The three-person panel investigated the deaths of the 189 Palestinians who were killed during the first nine months of the protests, which have been held on a weekly and sometimes daily basis.
“Israeli security forces killed 183 of these protesters with live ammunition. Thirty-five of these fatalities were children, while three were clearly marked paramedics and two were clearly marked journalists,” the UNHRC report stated.
During that time, the IDF wounded 6,106 Palestinians with live ammunition and another 3,098 Palestinians were wounded by bullet fragmentation, rubber-coated metal bullets or by tear gas canisters, the report stated.

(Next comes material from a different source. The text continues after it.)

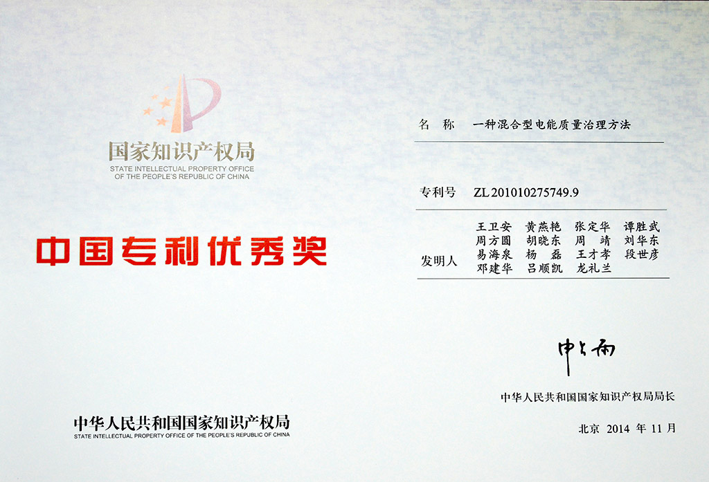 “一種混合型電能質量治理方法”專利技術實現了低成本大容量的無功、諧波和負序的快速綜合治理,極大提升了國內電能質量治理的國際競爭力,專利權人為株洲變流技術國家工程研究中心有限公司。

The 22-page document released is an initial summary, with a more full report due out prior to March 18.
The commission said it had “conducted 325 interviews with victims, witnesses and sources, and gathered more than 8,000 documents.”
Israel and Egypt banned its investigators from entering Gaza. All their work was done remotely and without direct conversations with the IDF.
At the press conference, the three-member panel acknowledged that it did not directly know what the IDF’s rules of engagement were, but had gleaned information from an Israeli High Court of Justice case.
The commission called on both Israel and Hamas to halt violence against civilians. The panel, however, said it had focused its work primarily on five Palestinian protest sites along the Gaza border. The report made some mention of Hamas violence against Israel, including the death of an Israeli soldier and the injury of four others.
The IDF has argued that the protests are violent riots designed by Hamas to attempt to infiltrate into Israel. Protesters have thrown Molotov cocktails, burning tires and stones at IDF soldiers. They have also placed explosive devices along the border fence and in some cases used live ammunition.
In addition, Palestinians launched incendiary devices that have landed in southern Israel, burning thousand of acres of fields and forests and endangering civilian lives.